How To Install Apache Kafka on Ubuntu 20.04
Apache Kafka is an open-source distributed event streaming platform used by thousands of companies for high-performance data pipelines, streaming analytics, data integration, and mission-critical applications.
In this tutorial, we will show you how to install kafka on Ubuntu 20.04.
Step 1: Install Java
Apache Kafka is created in Java so we need to install it to be able to use it. To do this, run this command
sudo apt-get update
sudo apt install default-jdk
Verify the installation, by typing
java -version
Step 2: Download Apache Kafka
Download Apache Kafka through any web browser or use the below provided link: https://kafka.apache.org/downloads.
Here we will be using the wget
command we can download the Kafka package, and we will be working in "/opt/" folder
cd /opt/
wget https://dlcdn.apache.org/kafka/3.1.0/kafka_2.13-3.1.0.tgz
tar -xvzf kafka_2.13-3.1.0.tgz
ln -s kafka_2.13-3.1.0/ kafka
Step 3: Setting the Path
We are going to set the path locally so as we can access Kafka from any location (by default we access it from the installation folder we unzipped)
navigate to the home ,
cd ~
and open " .bashrc " file,
nano .bashrc
at the end, set the path where we installed kafka, for our example we installed at " /opt/kaka/bin
"
export PATH=/opt/kafka/bin:$PATH
Save the file ( Ctrl + O
)and exit ( Ctrl + X
)
Reload the configuration
source ~/.bashrc
Verify the configuration by typing
kafka-topics.sh
Step 4: Creating data directories for zookeeper and kafka
Apache Kafka depends on Zookeeper for cluster management. Hence, prior to starting Kafka, Zookeeper has to be started. There is no need to explicitly install Zookeeper, as it comes included with Apache Kafka, move to the kafka installation directory and create a folder named "data
"
and move inside the data folder and create two new folders named as 'zookeeper
' and 'kafka
'
cd /opt/kafka/
mkdir data
cd data
mkdir zookeeper
mkdir kafka
Step 5: Configure zookeeper properties
Open the zookeeper.properties file, located under config folder, and update the value of dataDir,
change from "/tmp/zookeeper" to "/opt/kafka/data/zookeeper"
cd /opt/kafka/
nano config/zookeeper.properties
Step 6: Start zookeeper
Now, start the zookeeper server with the help of the below command:
zookeeper-server-start.sh config/zookeeper.properties
Step 6: Configure kafka-server
Open the server.properties file, located under config folder, and update the value of log.dirs,
change from "/tmp/kafka-logs" to "/opt/kafka/data/kafka"

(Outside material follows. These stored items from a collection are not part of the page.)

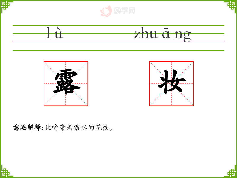 妆[ zhuāng ] 1. (形声。从女,爿(pán)声。本义:梳妆打扮)。 2. 同本义。 【引证】 《说文》。字亦作娤。-妝,饰也。 宋玉《登徒子好色赋》-不待饰装(妆)。 司马相如《上林赋》-靓莊(妆)刻饰。 唐·白居易《琵琶行》-曲罢曾教善才服,妆成每被秋娘妒。 [更多解释]
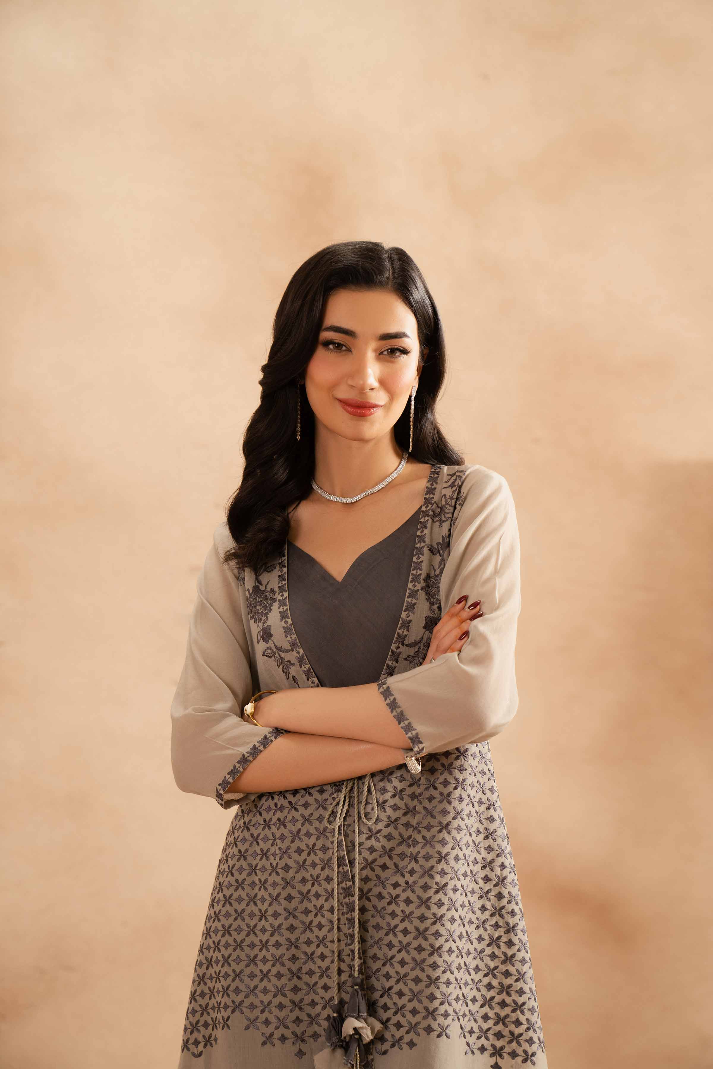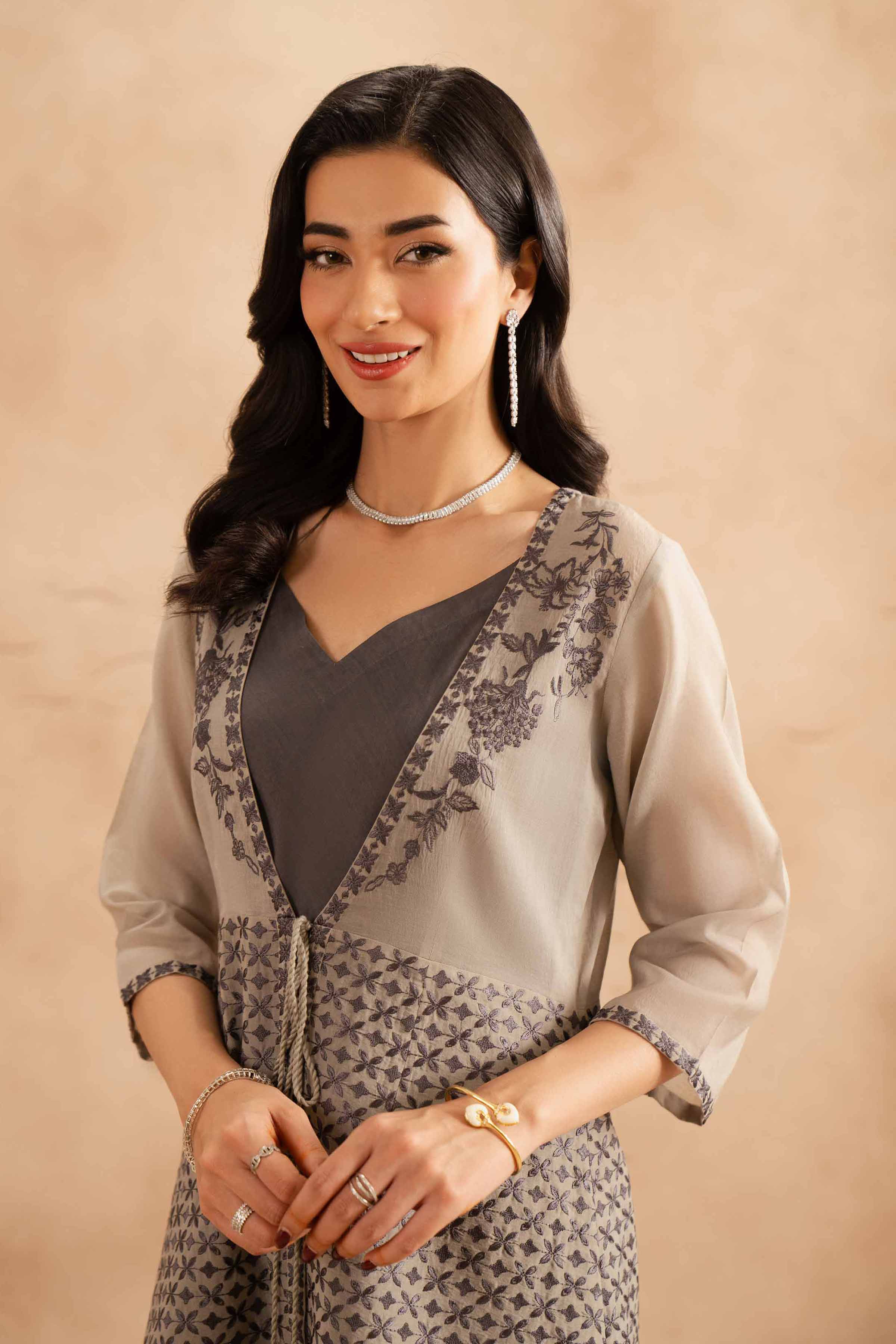 V Neckline With Dorri & Tassels Detail, Long Embroidered Front Open Jacket
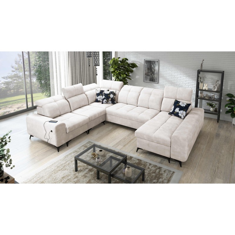Narożnik w kształcie U Ascot VIII z funkcją spania, portem usb i regulowane zagłówki tkanina Wave 1
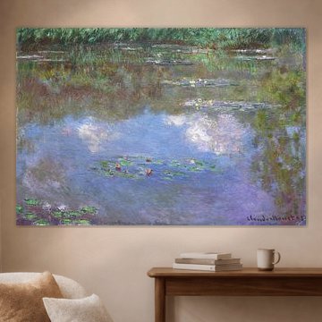 Hang Claude Monet's paintings on your own wall. In this Monet wall art collection you can buy affordable Monet paintings, or a modern Monet art print in the same impressionistic style. The fleetingness of the moment and soothing nature make a unique impression on the wall. Buy a Monet water lilies art print as wallpaper, or buy a modern Monet painting on canvas. There is a diverse range of high-quality materials, and many options for different sizes.
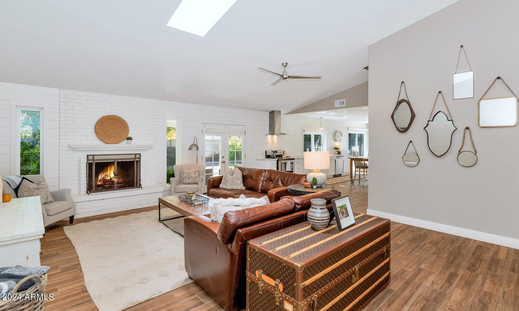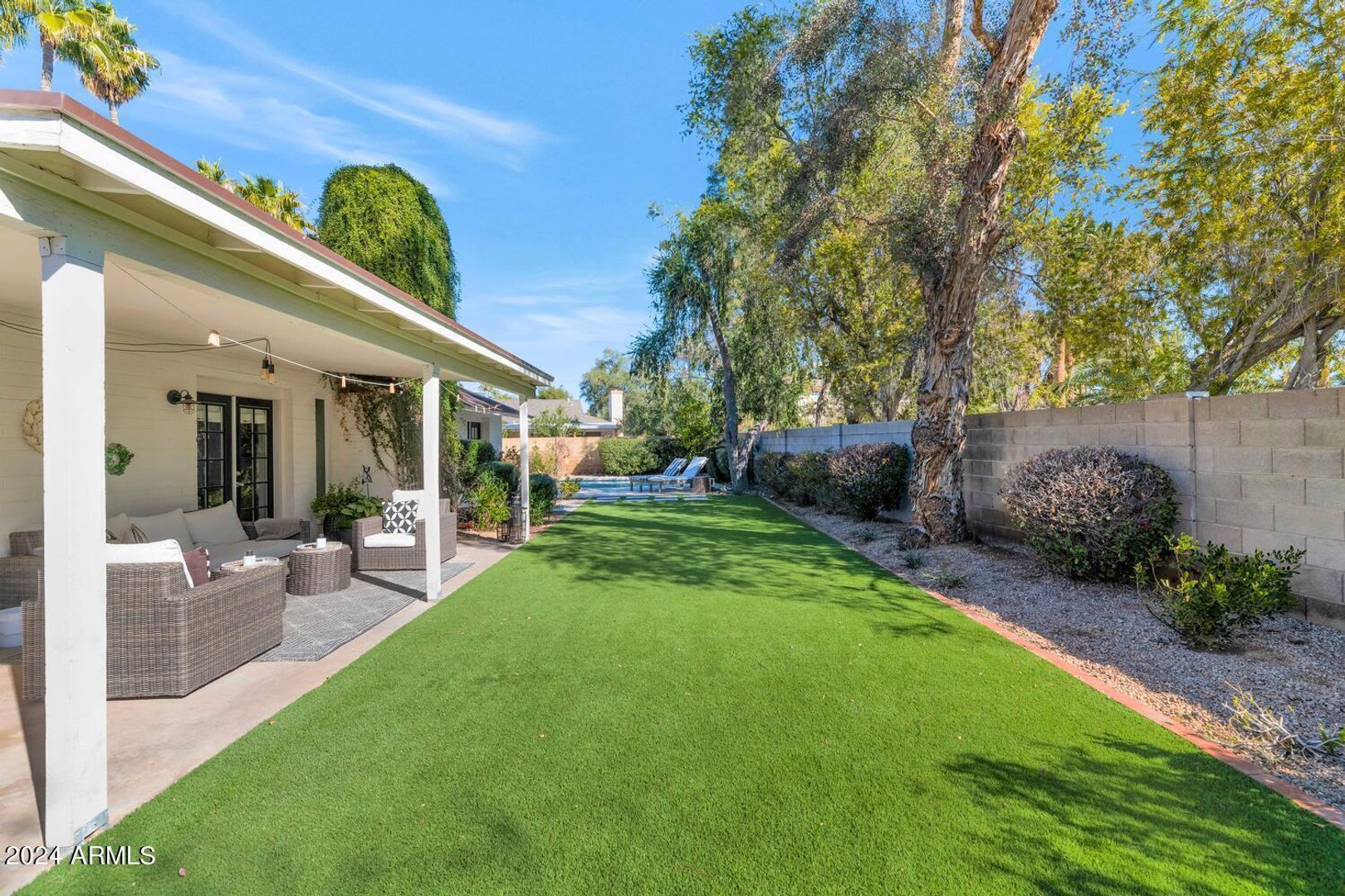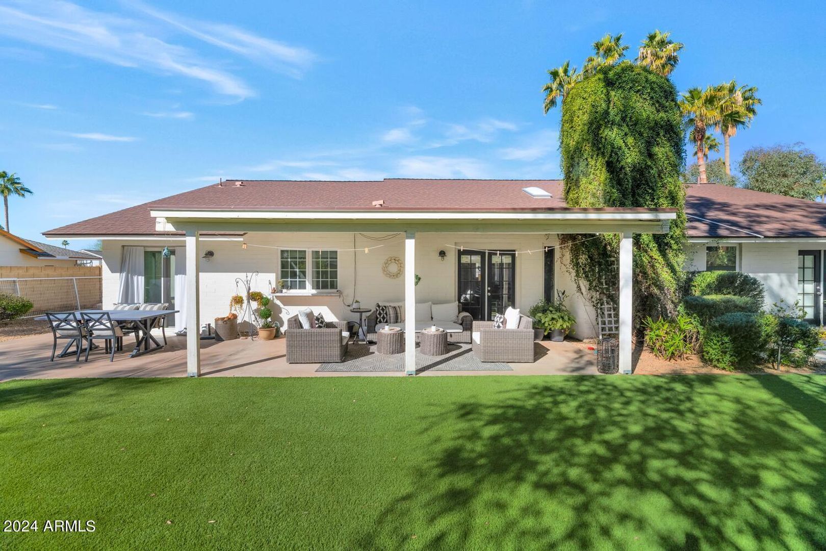 This darling home is light, bright and open, making it seem much bigger than the square footage suggests. The floor plan flows beautifully, and every room has very stylish finishes. The kitchen has beautiful white cabinetry, marble countertops, a cool farmhouse sink and stainless-steel appliances, the family room is super charming with an exposed brick fireplace as its focal point, there's both formal and informal dining areas and the primary suite is great looking. The backyard has a very pretty pool, large, covered patio, lots of grassy yard and plenty of room to entertain. This is a perfect home for a single, small family or empty nesters looking to downsize and it's in an excellent location!

nano config/server.properties
Step 6: Start kafka-server
Now, start the kafka server with the help of the below command:
kafka-server-start.sh config/server.properties
Also, move to the kafka folder and use 'ls' command. It will display all new automatic created files that will tell the successful startup of the Kafka server.
Step 4 - Stop the Server
After performing all the operations, you can stop the server using the following command −
bin/kafka-server-stop.sh config/server.properties
Step 6: Stop zookeeper
To stop the zookeeper server type the following command:
zookeeper-server-stop.sh config/zookeeper.properties
Step 4 - Automatically Start Kafka on Server boot
Here we will configure Kafka daemon with System.d. and then enable them to be autostarted when server starts
Step 4.1 Create zookeeper service
create a file kafka-zookeeper.service and place it in the following folder "/etc/systemd/system/
"
sudo vi /etc/systemd/system/zookeeper.service
[Unit]
Description=Apache Zookeeper server (Kafka)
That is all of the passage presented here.